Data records
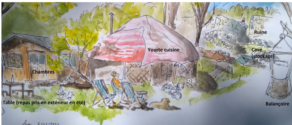
Aquarelle de l'auteur, 2021.

Bien que ce ne soit pas une règle exclusive, ce sont plutôt ces derniers qui vont insister sur la place laissée au travail d'entités naturelles, mais aussi sur la naturalité de leur travail et de leurs activités. À l'inverse un rapport professionnel au travail, ancré dans des exigences marchandes plus poussées que sur un lieu visant à l'autonomie vivrière, contribue à une mise à distance de ces idées et au choix d'actions plus interventionnistes, passant par exemple par un certain degré de mécanisation. Un maraîcher professionnel peut ainsi plus difficilement se permettre de perdre une production qui correspond à un investissement et à des attentes de la part des clients (qui réclament un éventail varié de fruits et légumes à chaque saison : une
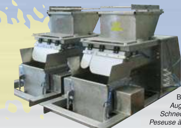
Bilancia a coclea Auger weigher Schnecken Dosierwaage Peseuse à vis
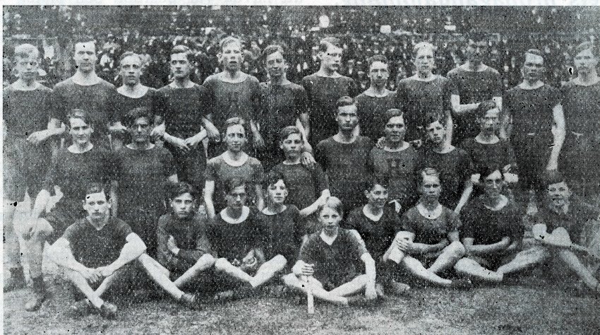
Hellas segrande ungdomslag den 4 juni 1916.
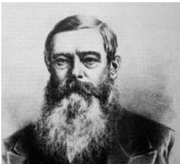
Johannes Henricus Brand

Brand is in 1863 gevra om president van die Oranje-Vrystaat te word na die dood van Marthinus Pretorius, en hy het amptelik op 2 Februarie 1864 in bewind getree om die vierde president van die OVS te word. Hy is daarna herkies en dien vier opeenvolgende termyne van 1869, 1874, 1879 en 1884. Bloemfontein was die middelpunt van die republiek, wat in 1854 onafhanklik geword het.
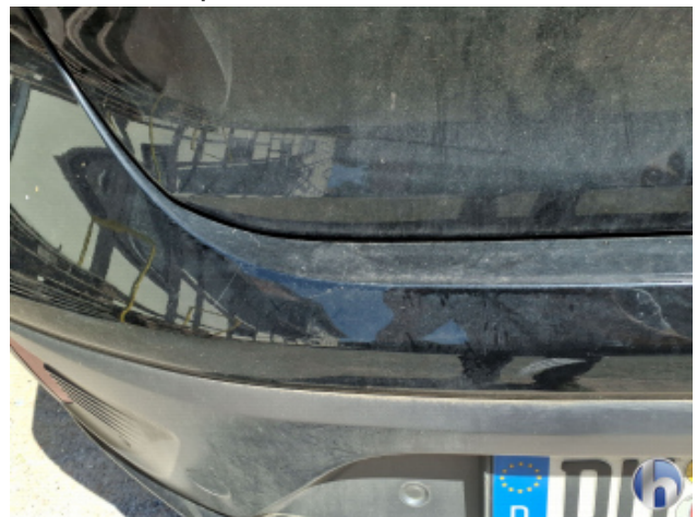
2. Stoßfänger Hinten Kratzer - Lackieren

Problem to solve » Each line from the one containing "Johannes Henricus Brand" to the final line of the data must be printed exactly, both included, with nothing else and no pictures.

Written answer »
Johannes Henricus Brand

Brand is in 1863 gevra om president van die Oranje-Vrystaat te word na die dood van Marthinus Pretorius, en hy het amptelik op 2 Februarie 1864 in bewind getree om die vierde president van die OVS te word. Hy is daarna herkies en dien vier opeenvolgende termyne van 1869, 1874, 1879 en 1884. Bloemfontein was die middelpunt van die republiek, wat in 1854 onafhanklik geword het.
2. Stoßfänger Hinten Kratzer - Lackieren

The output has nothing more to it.